4.1 All fees and rates are set out in the Agreement and payable in full in advance. Notwithstanding any other provision contained in this Agreement, in no event shall any refund of fees be due, including, without limitation, in connection (i) with termination of this Agreement by Itseez3D or Licensee, or (ii) removal of Itseez3D’s App from the Apple App Store or any other termination or suspension of Itseez3D by Apple. All fees are denominated in U.S. dollars. All unpaid invoices or amounts due that are not subject to a good faith dispute are subject to a finance charge of 1.5% per month on any outstanding balance, or the maximum amount permitted by law, which is lower, plus all reasonable expenses of collection.
4.2 All fees are exclusive of Taxes imposed by taxing authorities and Licensee shall be responsible for payment of all such Taxes (excluding taxes based on Itseez3D’s income), even if such amounts are not listed in the Agreement.
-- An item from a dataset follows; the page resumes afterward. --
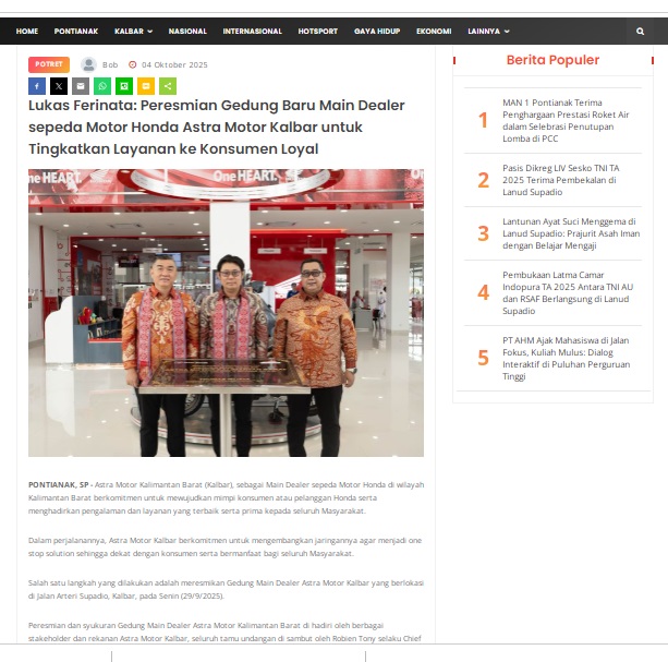 Lukas Ferinata: Peresmian Gedung Baru Main Dealer sepeda Motor Honda Astra Motor Kalbar untuk Tingkatkan Layanan ke Konsumen Loyal by masmul 4 Oktober 2025 in Silahkan kunjungi https://www.suarapemredkalbar.com/read/potret/04102025/lukas-ferinata-peresmian-gedung-baru-main-dealer-sepeda-motor-honda-astra-motor-kalbar-untuk-tingkatkan-layanan-ke-konsumen-loyal. You Might Like Regional Public Launching New ADV160 The SUV Pride Grand Launching New PCX 160 Truly Exceptional! Tetap hati-hati ya bro sist berkendara saat hujan.

No part of Itseez3D’s compensation under this Agreement will be subject to withholding for any Taxes or other required payments.
4.3 Additional costs for travel expenses, if any, will be reimbursed with Licensee’s prior written consent.
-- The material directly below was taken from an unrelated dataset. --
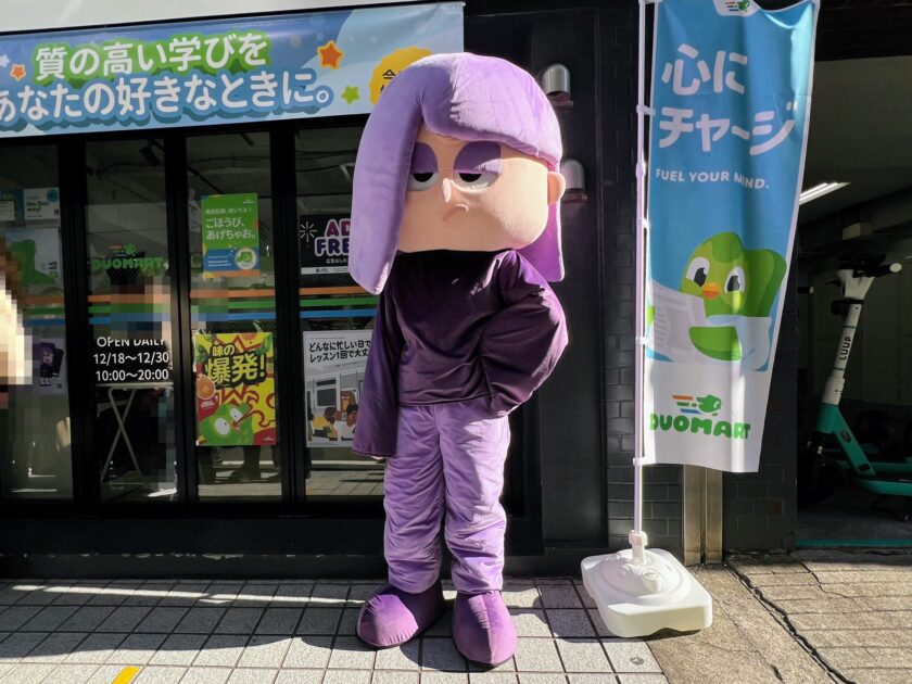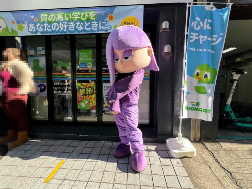 2025年12月30日(火)、東京都渋谷区の「DUOMART」(OPENBASE SHIBUYA)において、語学学習アプリ「Duolingo」のキャラクターの1名「Lily(リリー)」が登場しておりました。こちらも半目状態、女性にしては声が割と低音であり、気怠そうな性格などの特徴的なキャラクターのため、こちらも結構な人気があるようです。

4.4 Itseez3D reserves the right to increase or decrease all future fees at any time and for any reason in its sole and absolute discretion.
4.5 If Itseez3D agrees to allow Licensee to use a Local Server then Licensee shall (i) pay Itseez3D set-up and support fees to be mutually-agreed between Itseez3D and Licensee in writing, and (ii) upon request, give Itseez3D prompt access to the Local Server at a time and place which is reasonably convenient to Itseez3D and Licensee (but in no event later than thirty (30) days after such request has been made).
5. Term, Termination and Survival
5.1 Term. The term of this Agreement will begin on the Effective Date and will continue until the subscription end date, as identified in the Agreement (the “Initial Term”). Following the Initial Term or any Renewal Period as defined below, this Agreement will automatically renew for a subsequent term (each, a “Renewal Period”), unless otherwise agreed by the parties electronically or in writing.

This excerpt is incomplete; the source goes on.